Assuming it still seems too warm, check the gate current.
Triacs and Thyristors perform better when their gates are supplied
with a pulse of current sufficient to get the whole die conducting at
once. They don't take kindly to being "tickled" into conduction, they
want to be kicked into conduction. Insufficient drive current can
lead to hot spots and inefficiency.

AND don't confuse temperature with heat. A big heavy SSR with a lot
of aluminum, epoxy and hardware on it will have enough surface area to
dissipate more heat than a TO220 with no heat sink The SSR will run
cooler and heat more slowly in that case.
--
From: John Fields on
On Sun, 27 Jun 2010 05:23:51 -0700 (PDT), mowhoong
<mowhoong(a)hotmail.com> wrote:

>I used a dimmer circuit to control my heater 1600 W instead of a solid
>stste relay as both use a equal 25A triac as a on and off switch.
>The triac of the dimmer circuit become very hot which is unexpected.
>I am curious to know the causes of it.

---
120 you're running 120V mains, then the RMS current through the TRIAC
will be:

P 1600W
I = --- = ------- = 13.3 amperes
E 120V

Now, when the TRIAC is turned on there'll be about a volt of drop
between MT1 and MT2, so the device will dissipate:


P = IE = 13.3A * 1V ~ 13.3 watts

As others have noted, you'll need a heatsink to keep from overheating
the TRIAC.

In order to determine how much of a heat sink you'll need, you'll need
the thermal resistance data from the TRIAC's data sheet and the
application data from:

http://www.aavidthermalloy.com/technical/papers/pdfs/select.pdf

Once you determine the temperature you want to keep the junction at
and the total thermal resistance from the junction to ambient, then
you can use the catalog at:

http://www.aavidthermalloy.com/products/standard/index.shtml

to see what's available.

Post back if you get confused and someone will here will be happy to
help clear things up.

From: Phil Allison on

"John Fields"

> 120 you're running 120V mains, then the RMS current through the TRIAC
> will be:
>
> P 1600W
> I = --- = ------- = 13.3 amperes
> E 120V
>
> Now, when the TRIAC is turned on there'll be about a volt of drop
> between MT1 and MT2, so the device will dissipate:
>
>
> P = IE = 13.3A * 1V ~ 13.3 watts


** When the voltage is fixed, one uses the average value for current rather
than the RMS to calculate power.

For a sine wave, the average ( rectified) value is 2/pi times the peak
value.

Means the 13.3 amp figure above should be scaled by a factor of 0.9 ( sq rt
2 times 2/pi ).

Small point, but we might as well get the *basics* right here.


..... Phil


From: mowhoong on
On Jun 28, 4:52 pm, "Phil Allison" <phi...(a)tpg.com.au> wrote:
> "John Fields"
>
> > 120 you're running 120V mains, then the RMS current through the TRIAC
> > will be:
>
> >          P     1600W
> >     I = --- = ------- = 13.3 amperes
> >          E     120V
>
> > Now, when the TRIAC is turned on there'll be about a volt of drop
> > between MT1 and MT2, so the device will dissipate:
>
> >    P = IE = 13.3A * 1V ~ 13.3 watts
>
> ** When the voltage is fixed, one uses the average value for current rather
> than the RMS to calculate power.
>
> For a sine wave, the average ( rectified) value is  2/pi  times the peak
> value.
>
> Means the 13.3 amp figure above should be scaled by a factor of 0.9  ( sq rt
> 2  times 2/pi ).
>
> Small point, but we might as well get the *basics* right here.
>
> ....   Phil

My gratitude to all members for your response to my question.

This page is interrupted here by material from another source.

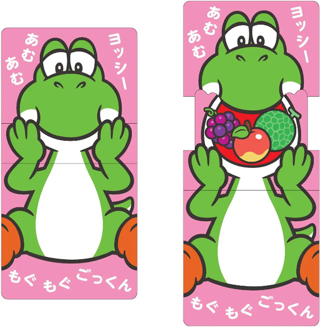 舌を引っ張ると……ぺろーん! マリオの「かお」が動かせる絵本『かおマリオ』に続き、小さなお子さまがさわって・うごかして・発見できる、新しいしかけ絵本『ぺろぺろヨッシー』が小学館より発売されました。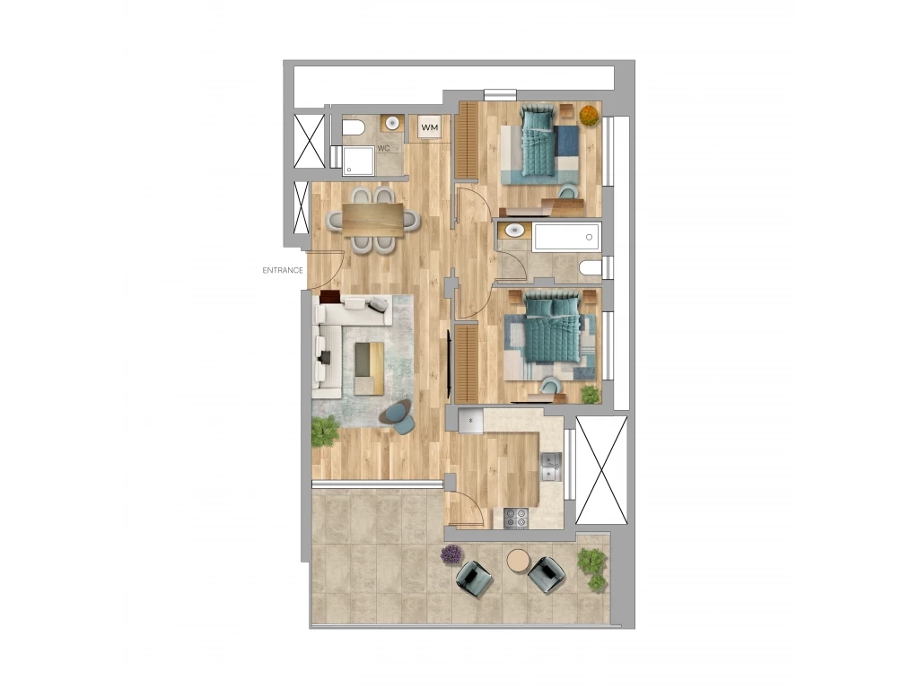 – Two luxurious bedrooms.

I will
try to work it out these suggestions.

Best Regards
From: John Fields on
On Tue, 29 Jun 2010 09:52:44 +1000, "Phil Allison" <phil_a(a)tpg.com.au>
wrote:

>
>"John Fields"
>
>> 120 you're running 120V mains, then the RMS current through the TRIAC
>> will be:
>>
>> P 1600W
>> I = --- = ------- = 13.3 amperes
>> E 120V
>>
>> Now, when the TRIAC is turned on there'll be about a volt of drop
>> between MT1 and MT2, so the device will dissipate:
>>
>>
>> P = IE = 13.3A * 1V ~ 13.3 watts
>
>
>** When the voltage is fixed, one uses the average value for current rather
>than the RMS to calculate power.
>
>For a sine wave, the average ( rectified) value is 2/pi times the peak
>value.
>
>Means the 13.3 amp figure above should be scaled by a factor of 0.9 ( sq rt
>2 times 2/pi ).
>
>Small point, but we might as well get the *basics* right here.

---
Good catch, thanks. :-)